Conversely, graphic novels became more popular in this period containing stories that were originally published in a serial format, for example, Alan Moore's Watchmen. Japanese manga, especially shōnen manga, have achieved great success with long-term serialised works, mostly published in manga magazines like Weekly Shōnen Jump. One notable example, Eiichiro Oda's One Piece, has released more than 1133 chapters since its debut in 1997, making it one of the most popular and long running manga series of all time.

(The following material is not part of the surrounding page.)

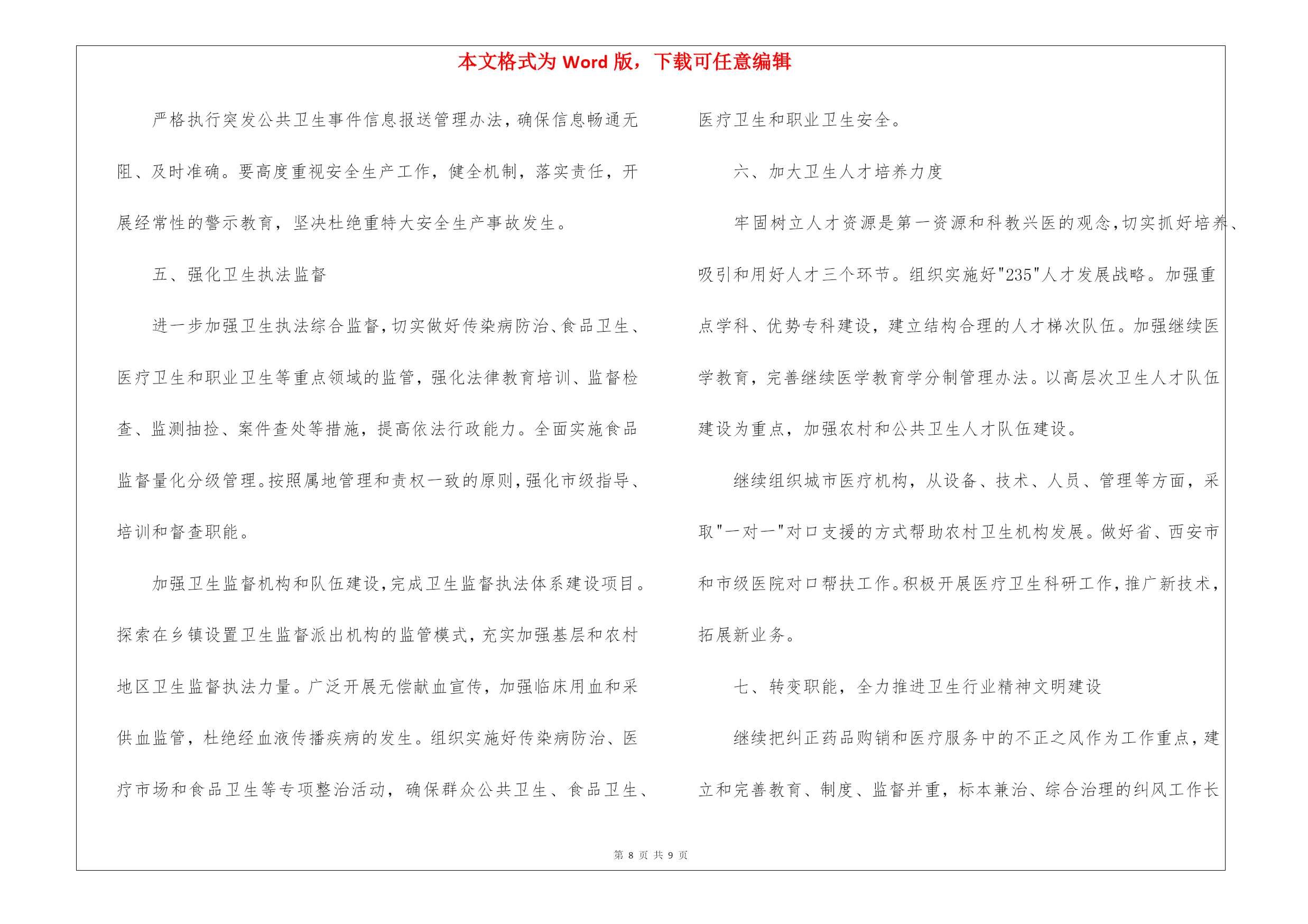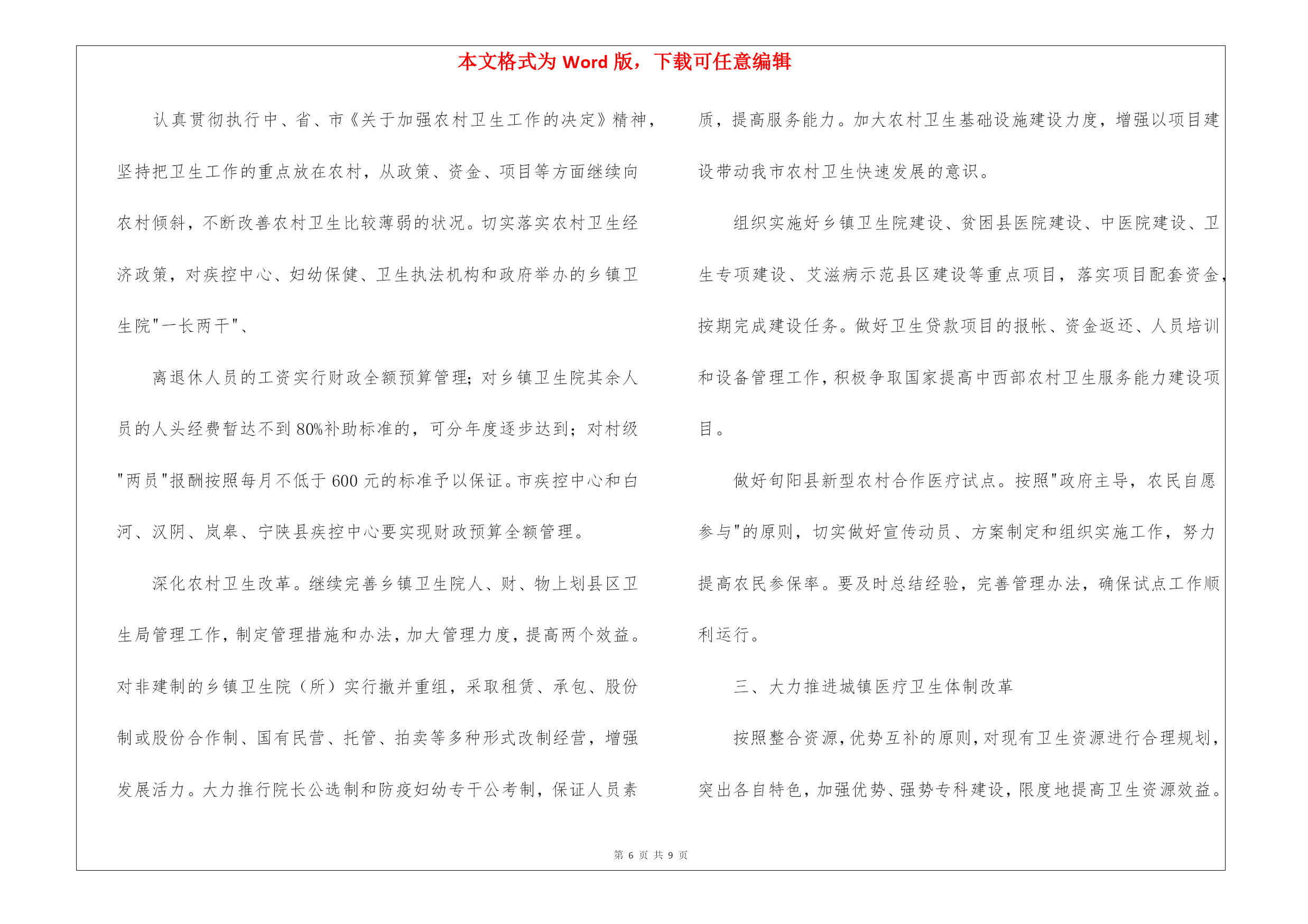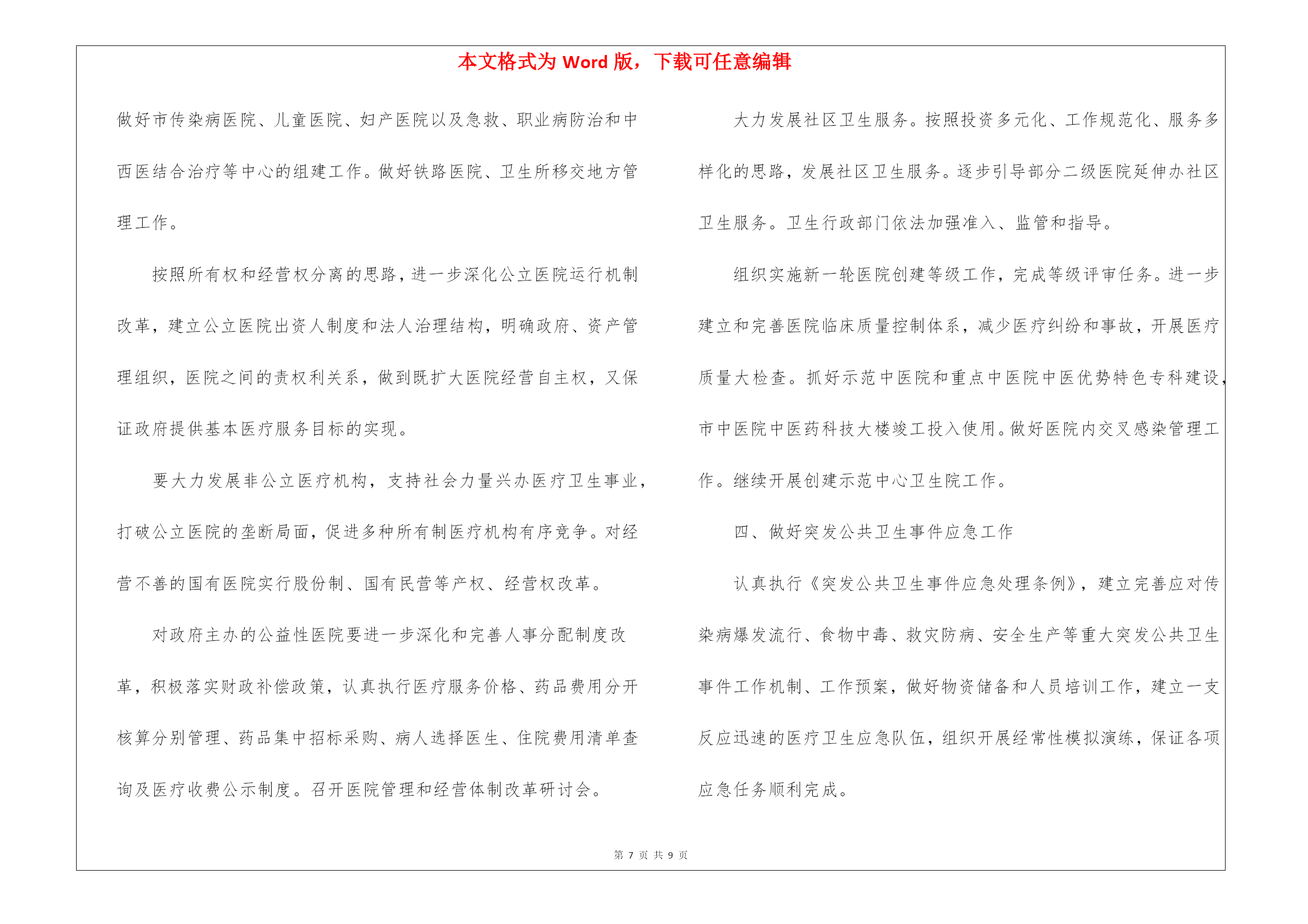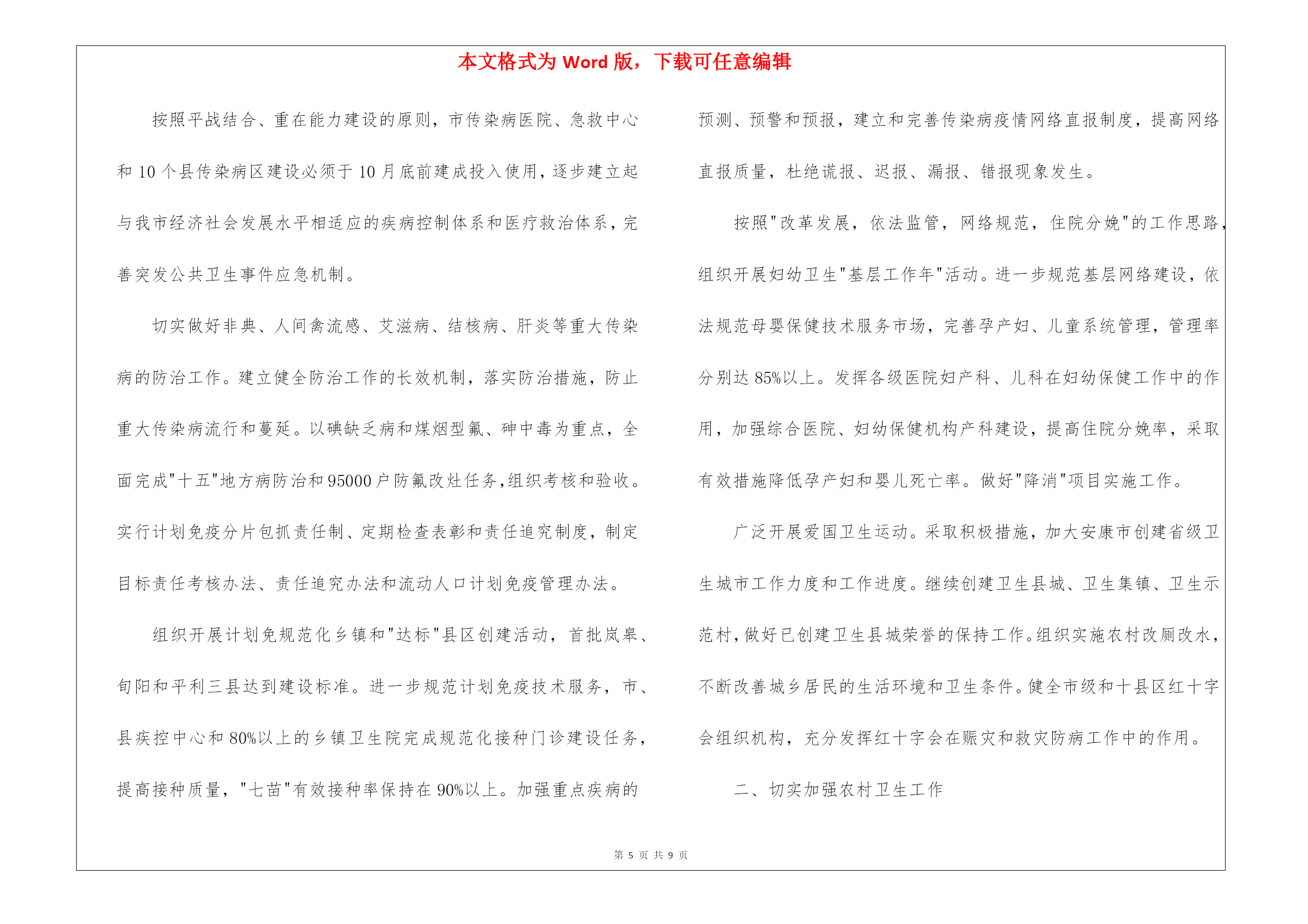 本文格式为Word版,下载可任意编辑第PAGE\*MERGEFORMAT9页共NUMPAGES\*MERGEFORMAT9页关于公共卫生工作计划三篇关于公共卫生工作计划三篇时间一晃而过,很快就要开展新的工作了,何不好好地做个工作计划呢?写工作计划需要注意哪些问题呢?下面是我精心整理的公共卫生工作计划3篇,希望对大家有所帮助。公共卫生工作计划篇1为了确保今年公共卫生服务项目的顺利完成,提高农民群众的健康水平,促进我路南经济社会的协调发展和社会主义新农村建设,特制定20xx年公共卫生工作及社区卫生服务工作计划如下:一、进一步加强领导,健全制度,规范行为。今年我站将进一步加强领导,落实到人,根据人口比例,组织实施好本辖区面向农村的十二项公共卫生服务内容,及时整理相关资料、及时上报、归档。二、公共卫生服务项目(一)、健康教育1.要求必须有工作计划和总结,内容详实。2.健康教育课每两个月开课一次,内容要有季节性、针对性,每次参加人员必须达到10人或以上,宣传栏内容同上,每季要有照片存档。(二)、健康管理1.家庭健康档案建档率要求90%,健康档案册中内容必须完整准确、无缺项,并输入电脑。2.要求责任医生及时将获得的健康体检、儿童预防接种、儿童体检、孕产妇系统管理、常见妇女病检查、职业体检、重点管理慢病、上门访视内容以及因病住院、门急诊等诊疗情况记入健康档案中,要求完整准确,建立动态、连续的家庭健康档案。3.每季开展一次免费上门访视服务,访视率必须达到95%或以上,随访和干预情况及时记入健康档案中,重点疾病的访视内容要求详细,完整清楚,真实可信,并及时进行汇总准确上报。4.掌握辖区内婚龄青年名单,积极动员欲婚青年进行婚前医学检查,确保优生优育。(三)、基本医疗惠民服务:1.建立健全各项规章制度,严格按照医疗技术操作规范,主要收费价格上墙,合理收费,积极控制医疗费用的不合理增长,按规定执行医疗优惠政策。2.责任医生必须由取得执业助理医师或执业医师资格的担任,对辖区内重点疾病诊疗情况记录要求完备,对居民的自诊或转诊率必须达90%。3.责任医生的满意率调查要求达到90%或以上。(四)、合作医疗便民服务1.责任医生必须熟悉合作医疗政策,并进行大力宣传,上门访视中确保每户农户获得合作医疗宣传资料,使各种人群对合作医疗政策的知晓率达85%。2.每季度公示本村参合人员报销情况,专人负责并保管好本村参合人员名册,登记项目要齐全、准确。3.方便群众报销进行代办,使参合人员能及时得到报销,农户对报销工作满意度达到90%或以上。(五)、妇女保健1.要求掌握辖区内育龄妇女和孕妇健康状况,动员和通知怀孕妇女进行孕产期保健管理,孕产妇住院分娩率必须达99%,孕产妇系统管理率达95%或以上,高危孕妇住院分娩率必须达100%。2.对孕产妇进行系统管理,做好早孕建册、产前检查和产后访视工作,并负责高危孕妇的筛查、追踪、随访和转诊;同时开展产前筛查、产前诊断阳性病例的追踪,了解分娩结局。3.开展常见妇女病普查工作,普查率达45%以上,并将检查情况记入健康档案。4.参加上级培训和指导,召开和参加例会,做好总结和计划,资料存档。(六)、老人和困难群体保健1.加强60岁以上老人、特困残疾人、低保户和五保户家庭健康档案的建档,建档率要求90%,健康体检率80%或以上。2.开展每年四次免费随访工作,对体检和随访发现的健康问题进行有针对性的以健康教育为重点的健康干预。3.对健康档案进行动态管理,发现情况随时记入,并及时汇总准确上报。(七)、重点疾病社区管理1.开展结核病防治工作,病人转诊率达100%,同时进行病人的追踪治疗和随访管理,督促病人按时服药,定期复查,资料及时汇总上报。2.开展血吸虫病防治工作,查螺、灭螺、查治病工作完成95%,如发现病例及时上报,协助做好疫点处理。3.开展艾滋病防治工作,掌握辖区内流动人口数,大力宣传艾滋病防治知识,要求宣传资料入户,并达到95%以上,成人艾滋病性病防治知识知晓率80%或以上。4.协助政府、村委对精神病人的综合管理,综合管理率达80%,同时建立卡片专案管理,定期随访,并在访视中指导合理用药。5开展以高血压、糖尿病、肿瘤、脑卒中、冠心病为重点慢性病咨询服务和用药指导,并及时汇总上报。公共卫生工作计划篇2根据国家《基本公共卫生服务项目要求》。我省基本公共卫生服务项目在全县得到普及。使重大疾病和主要健康危险因素得到有效控制,城乡居民健康水平得到进一步提高。我根据各项任务制定计划如下:1、建立居民健康档案。在自愿的基础上,进行查漏补建。为辖区常住人口建立统一、规范的居民健康档案,健康档案主要信息包括居民基本信息、主要健康问题及卫生服务记录等;健康档案要及时更新,并积极推进健康档案电子化管理。共建居民档案5051人。电子档案与纸质相符

The rise of fan fiction on the internet also follows a serial fiction style of publication, as seen on websites such as FanFiction.Net and Archive of Our Own (AO3). Aspiring authors have also used the web to publish free-to-read works in serialised format on their own websites as well as web-based communities such as LiveJournal, Fictionpress.com, fictionhub, Kindle Vella and Wattpad. Many of these books receive as many readers as successful novels; some have received the same number of readers as New York Times best-sellers.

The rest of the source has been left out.